WHAT TO PRODUCE :: When you return the data, keep every word exact and include none of the images.

RECORDED DATA ::
______________________________
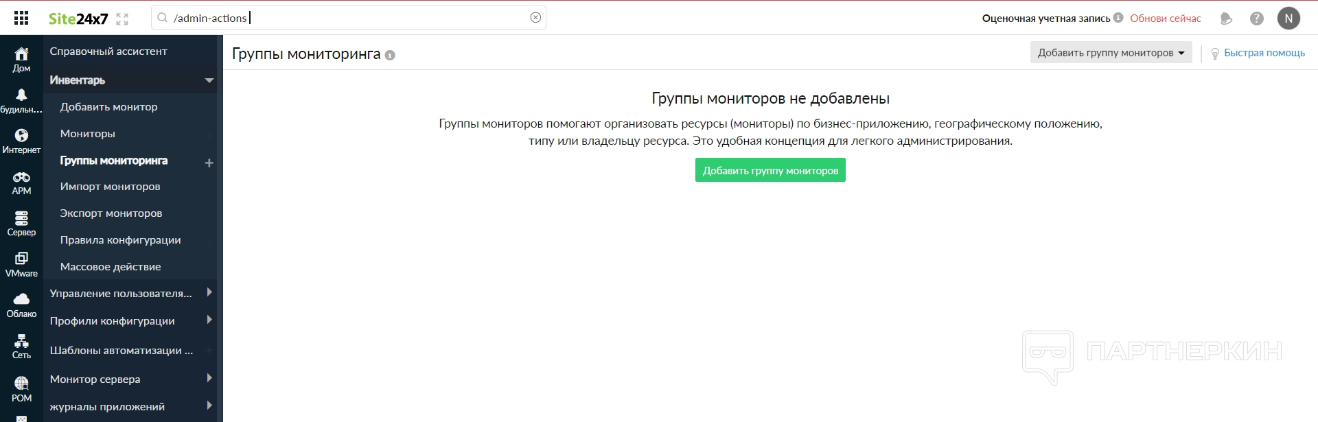 - группы мониторинга — для удобства можно объединять различные проверки по типу в группы, чтобы удобно их искать, и все они будут находится в этом разделе;
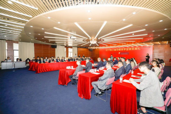 随后,2019年小森奖学金颁奖仪式在图文信息中心第一会议室举行。版艺学院党委书记吴建安详细介绍小森奖学金评选情况,今年共有20位优秀的同学获此殊荣。截止目前,累计已有240位同学获得过小森奖学金,部分获奖毕业生通过视频方式表达了感谢和祝福。校基金会办公室主任孟宝全代表学校接受小森株式会社2019年度捐赠支票。小森善治为2019年小森奖学金获得者颁发证书,并在每个学生的获奖证书上亲笔签上自己的名字,获奖学生在获得更大鼓励的同时,也收获了宝贵的记忆。为表达对小森株式会社的感谢,获奖学生代表杜嘉源献上了精心准备的中日双语歌曲《永远同在》。
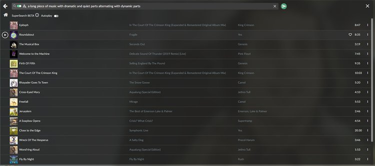 これは例を書いたほうが早いだろう。例えば“a long piece of music with dramatic and quiet parts alternating with dynamic parts”(静かなパートと動的なパートが繰り返される、ドラマティックな長い楽曲)という指示をした。これはプログレッシブロックを念頭においた指示だが、あえてジャンル名を使用せずに特徴を記述してみたわけだ。その結果が下記のスクリーン画像の通りだ。
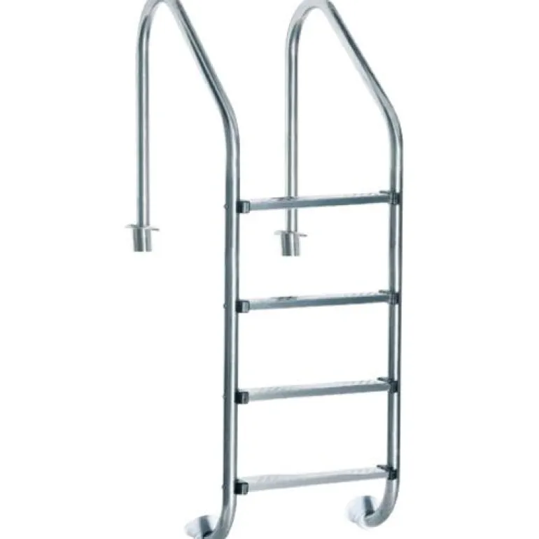 Ruostumattomasta teräksestä valmistetut inground-tikkaat, joissa on neljä askelmaa, maahan upotettuihin tai integroituihin altaisiin. Liukumaton turvapinnoite.
______________________________
TASK SOLUTION ::
 - группы мониторинга — для удобства можно объединять различные проверки по типу в группы, чтобы удобно их искать, и все они будут находится в этом разделе;
 随后,2019年小森奖学金颁奖仪式在图文信息中心第一会议室举行。版艺学院党委书记吴建安详细介绍小森奖学金评选情况,今年共有20位优秀的同学获此殊荣。截止目前,累计已有240位同学获得过小森奖学金,部分获奖毕业生通过视频方式表达了感谢和祝福。校基金会办公室主任孟宝全代表学校接受小森株式会社2019年度捐赠支票。小森善治为2019年小森奖学金获得者颁发证书,并在每个学生的获奖证书上亲笔签上自己的名字,获奖学生在获得更大鼓励的同时,也收获了宝贵的记忆。为表达对小森株式会社的感谢,获奖学生代表杜嘉源献上了精心准备的中日双语歌曲《永远同在》。
 これは例を書いたほうが早いだろう。例えば“a long piece of music with dramatic and quiet parts alternating with dynamic parts”(静かなパートと動的なパートが繰り返される、ドラマティックな長い楽曲)という指示をした。これはプログレッシブロックを念頭においた指示だが、あえてジャンル名を使用せずに特徴を記述してみたわけだ。その結果が下記のスクリーン画像の通りだ。
 Ruostumattomasta teräksestä valmistetut inground-tikkaat, joissa on neljä askelmaa, maahan upotettuihin tai integroituihin altaisiin. Liukumaton turvapinnoite.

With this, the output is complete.